Хэрон был далеко. Далеко, и словно в дымке. Странно подумать – как он мог коснуться ее?

– Я люблю тебя, Ильгет, – издали повторил Хэрон, – я не претендую на... на тебя. Но... я хочу, чтобы тебе было хорошо. Просто хорошо. Я хочу, чтобы ты была счастлива. Вы не венчались с Питой. Твой брак признан действительным только по разрешению епископа, и ты это знаешь.

– Но ведь признан! – возразила она.

– Он чужой тебе человек. Чужой и чуждый. Он мучает тебя. Ты должна быть собой. Подумай о себе. Я не предлагаю тебе немедленно бросить мужа. Просто будь сама собой. Живи так, как ты привыкла. Не приспосабливайся к нему, ты же видишь, из этого ничего не выходит. Он все равно недоволен. Ты несчастна...

– Но если я еще не буду приспосабливаться... он же тогда точно уйдет, – неуверенно сказала Ильгет.

– А тебе нужен такой человек? В самом деле. Ты ведь несчастна с ним.

– А что, счастье – это главное в жизни?

Сагон пожал плечами.

– Для подавляющего большинства людей – да. Ты, конечно, рассуждаешь оригинально. Я бы спросил тебя, что главное, – лицо его вдруг исказилось, – да беда в том, что я знаю, что ты ответишь.

– Ты знаешь, – кивнула Ильгет, внутри ощутив радость, – потому и не спрашиваешь... бес.

– Ты ведь не любишь его. Ты это сама понимаешь.

– Люблю.

– Нет. Ты стараешься себя убедить, что любишь. Потому что так положено. Но ведь не случайно тебя даже не тянет к нему физически. Да, ты ощущаешь мою правоту... Ты действительно, как ни странно, виновата в этом. Если ты не любишь его, зачем жить с ним?

– Нет, – сказала Ильгет, – я люблю его. Он мой муж. Единственный. А не тянет... Просто у меня физиология такая.

– Он ведь унижает тебя.

Ильгет пожала плечами.

– Не знаю. Почему? Чем?

– Да, для тебя не существует унижения... Но посмотри другими глазами на все это: он над тобой издевается, живет, как ему нравится, а ты стелишься, делаешь для него все, и получаешь одни упреки.

– А зачем мне смотреть ЧУЖИМИ глазами? – спросила Ильгет.

– Да хотя бы потому, что твои слепы.

– Мои глаза слепы? Мои?! – Ильгет с удивлением уставилась в неподвижные сагонские зрачки.

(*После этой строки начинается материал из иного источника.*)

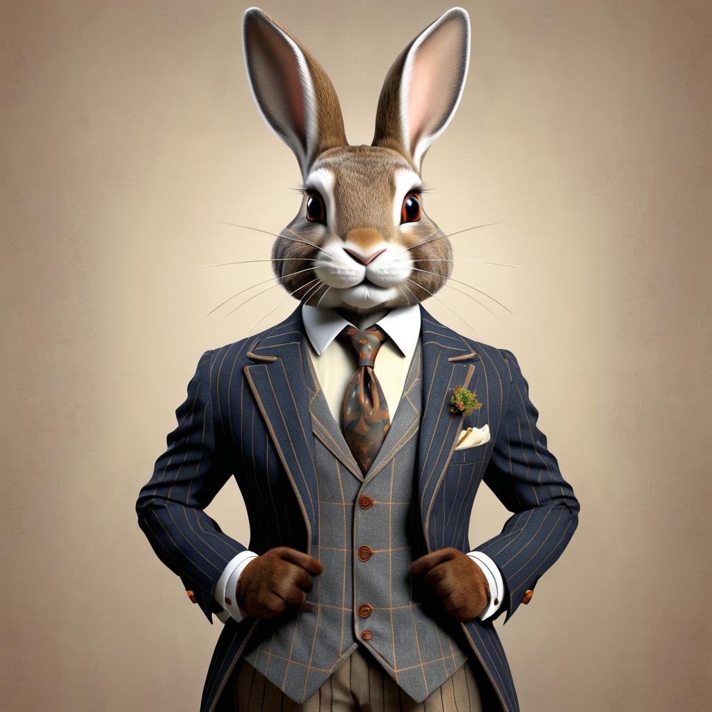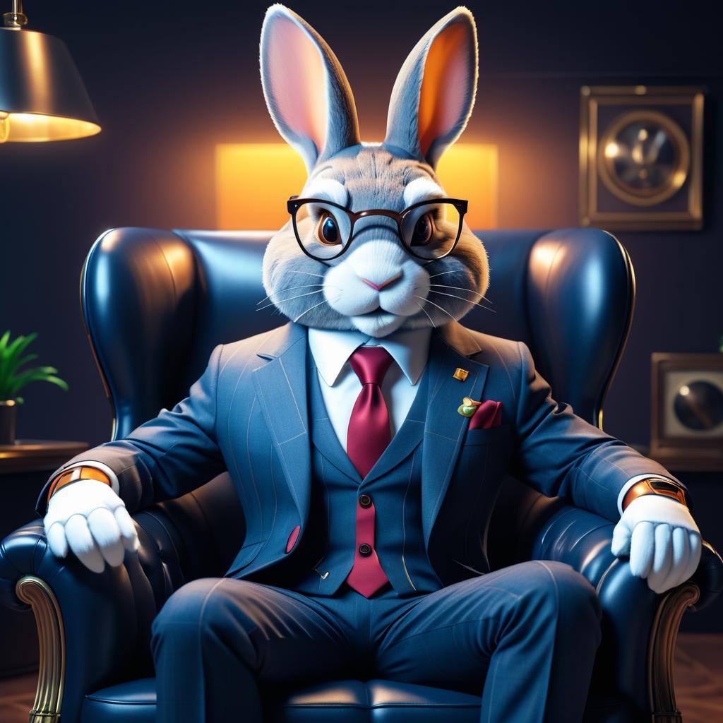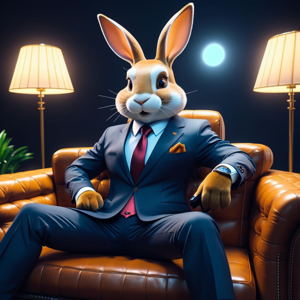 Anthropomorphic rabbit dressed in a sharp, pinstriped blue suit sitting on a detailed brown leather couch in a stylish, dimly lit office. The rabbit wears black gloves and holds a smartphone, exuding professionalism. A classic table lamp and clock adorn the background, with a framed portrait of a similarly dressed rabbit on the wall.

Что-то менялось в лице сагона... он снова сидел близко к ней.

– Я в чем-то понимаю твоего мужа, – сказал он медленно, – ты действительно чудовище. Единственное, что ты... может быть... еще способна понять – это боль. Он, конечно, не может причинить тебе такую боль, которая произвела бы на тебя впечатление. Но я-то могу...

Господи, Иисусе, Сын Божий... подумала Ильгет. И вдруг до нее дошло.

– Ты не можешь, сагон. Ты развоплощен. У тебя нет власти надо мной.

– Рано или поздно я встречу тебя, – воздух стремительно серел. Фигура впереди расплылась и почти исчезала, – я встречу тебя, и тогда берегись.

Нельзя сказать, чтобы эти слова не вызвали у Ильгет страха. Она стала повторять молитву про себя.

Толчок. Она сидела по-прежнему на чем-то жестком. На полу. Опершись спиной о кровать. В комнате было темно. И свет не включится, подумала Ильгет. Наверное. Сил не было совсем. Она попробовала опереться на кровать, переползти. Но кровать оказалась совершенно мокрой. От пота, или? Судя по запаху – или... ничего себе дела. Белье Ильгет тоже оказалось мокрым.


Глупо стирать подштанники под краном, в страхе прислушиваясь – не проснется ли мама. Но что делать... Глупость, конечно.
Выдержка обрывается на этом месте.